Andre Dubus begins his short story Killings at the cemetery where
his main protagonist, Matt Fowler, Matt’s wife, Ruth, and his oldest son Steve,
have just buried Frank, the youngest of the Fowler’s three children—the baby of
the family. As the story proceeds, Matt discusses an as-yet-to-be-introduced
character who one can quickly surmise is responsible for Frank’s death. Matt
visits with an obviously close friend, Willis, and the two engage in a
conversation that clearly revolves around this unidentified figure, whose
presence among the town’s citizenry obviously greatly upsets Matt and Ruth. The
interaction between Matt and Willis begins with the former commenting, “He
walks around the Goddamn streets.” In this small New England town, sightings of
the man Matt and Ruth hold responsible for their youngest child’s death are
frequent and inevitable. Additionally, Matt and Willis lament the deterioration
of the town, with crime apparently rising: “. . .we got junkies here now too.”
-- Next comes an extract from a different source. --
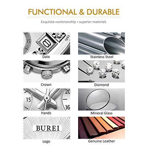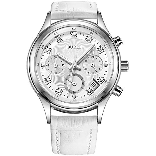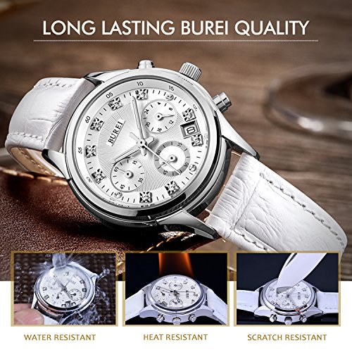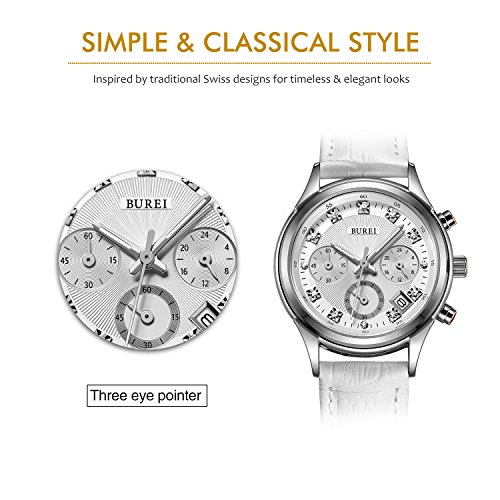 -. Title : (バオショ)BUREI 腕時計 レデイース シンプル おしゃれ 防水 日付 文字盤 クロノグラフ ホワイト 天然皮革バンド

In short, Dubus has quickly depicted the decline of a town and of one
particular family suffering the loss of their son and the continued freedom of
the man they hold responsible. As the opening passages come to an end, it is
revealed that Matt is contemplating taking the law into his own hands to avenge
Frank’s death. It is now that Dubus employs his first flashback.
The second part of Killings describes the life of Richard Strout,
a once-promising athlete who was failing in school and whose prospects were,
once the possibility of professional sports was eliminated, limited at best.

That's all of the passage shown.